# Venus/Jupiter



## SlipperKing (Jul 4, 2015)

Has anyone picked up on this? Could of been better if I'd used the tripod.


----------



## youngslipper (Jul 4, 2015)

Where are all the other stars?


----------



## emydura (Jul 4, 2015)

We saw it here in Canberra the other night as well.


----------



## Heather (Jul 4, 2015)

Nice! I saw it when it was not so close, while driving home a couple weeks ago. Nice shot!


----------



## ehanes7612 (Jul 4, 2015)

a longer exposure may have shown four moons of jupiter but unless you have at least a four inch aperture lens (a 200 mm camera lens is about 2.5 inches) you wont get any detail in jupiter itself. if you had a longer exposure though you would have blown out venus...you would need to bracket your exposures and combine them in photoshop or some other program


----------



## troy (Jul 5, 2015)

Thank you for sharing!!!


----------



## Mandy2705 (Jul 5, 2015)

Amazing! Thank you so very much.


----------



## My Green Pets (Jul 5, 2015)

Nice! When I looked through my telescope, Venus appeared as a crescent...How did you get that round shape?


----------



## ehanes7612 (Jul 5, 2015)

CambriaWhat said:


> Nice! When I looked through my telescope, Venus appeared as a crescent...How did you get that round shape?



you are dealing with the limitation of a ccd sensor when taking pics of astral objects with a camera (very small aperture compared to a telescope) ..the magnification is very small so you are working with a very small pixel distribution area...you can see the off white (yellowish) area on venus (that would normally be dark) indicating its crescent shape, this area is filled in with the photons reflecting off venus and because of atmospheric effects on earth, you can get errant photons (effects of quantum mechanics) slightly changing trajectory,...in this shot, venus is also slightly overexposed , so greater chance for error ...taking pics of planets is very difficult, especially with only a camera


----------



## Ozpaph (Jul 5, 2015)

I'd appreciate some tips on taking photos of the Milky Way, if you have any?


----------



## ehanes7612 (Jul 5, 2015)

Ozpaph said:


> I'd appreciate some tips on taking photos of the Milky Way, if you have any?

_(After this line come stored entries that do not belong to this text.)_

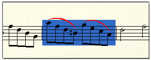 Unter einem eintaktigen Taktstapel ist also ein Takt zu verstehen, wie er von allen Instrumenten (Systemen) in der Akkolade gespielt wird – in anderen Worten also ein vertikaler Schnitt durch die Partitur. In der horizontalen Ausrichtung kann ein Taktstapel natürlich eine beliebige Anzahl (Länge) von Takten haben. Enthält eine Akkolade nur ein Notensystem, so stellt die Anwahl eines ganzen Taktes automatisch auch die Anwahl eines Taktstapels dar, der beim Kopieren, Einfügen oder Einsetzen als solcher behandelt wird. Die Anwahl eines Taktstapels in einer Akkolade mit nur einem Notensytem erkennen Sie daran, dass die Bereichsmarkierung über die oberste und unterste Linie des Notensystems hinausgeht (siehe Abbildung).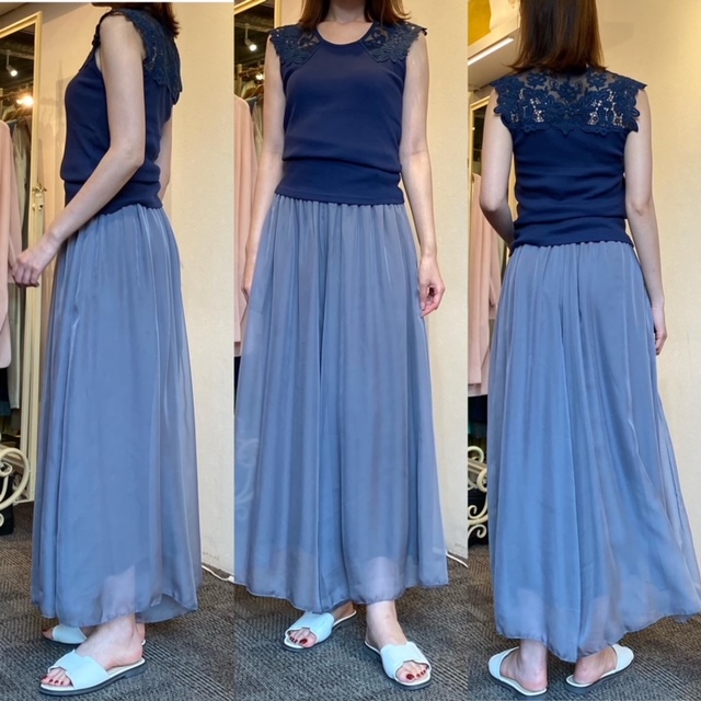トップス¥4950 パンツ¥7700✨ 大人気のレーストップスに 透け感のある涼しげなワイドパンツ✨ スカートに見えるパンツなので、動きやすくおすすめですよ😊❣️ どちらのアイテムも、お値段もお手頃になっておりますーー💕 トップス¥4950 パンツ¥7700 2021年6月12日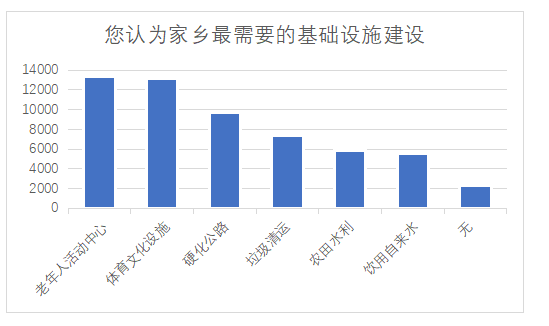 问卷结果显示,23.30%的问卷认为自己家乡最需要的基础设施建设为老年人活动中心,22.93%的问卷认为自己家乡最需要的基础设施建设为体育文化设施,16.96%的问卷认为自己家乡最需要的基础设施建设为硬化公路,12.86%的问卷认为自己家乡最需要的基础设施建设为垃圾清运,10.21%的问卷认为自己家乡最需要的基础设施建设为农田水利,9.77%的问卷认为自己家乡最需要的基础设施建设为饮用自来水。

The darker the sky the better...if you use a wide angle camera , you can get away with a 30 second exposure without streaking, maybe more but you would also need a tripod. If you go into more detail, say the areas with high concentrations of nebulae, you will need a series of shots to help filter noise (which you can stack in a program like Lightroom) and then manipulate in photoshop for color and detail. It's a long process but there are plenty of youtube tutorials. A 200 mm lens will allow you a two to four second exposure without streaking (depends how far away the object is from Polaris, the axis of spin for the earth). Any longer and you will need a trustworthy equatorial mount with a good drive to track the sky.


----------



## Ozpaph (Jul 6, 2015)

Thank-you. Ill work on it.


----------



## ehanes7612 (Jul 6, 2015)

if your camera has a really good ccd sensor you can push the ISO pretty high, thus reducing exposure time...I can go as high as 16,000 before I get into noise


----------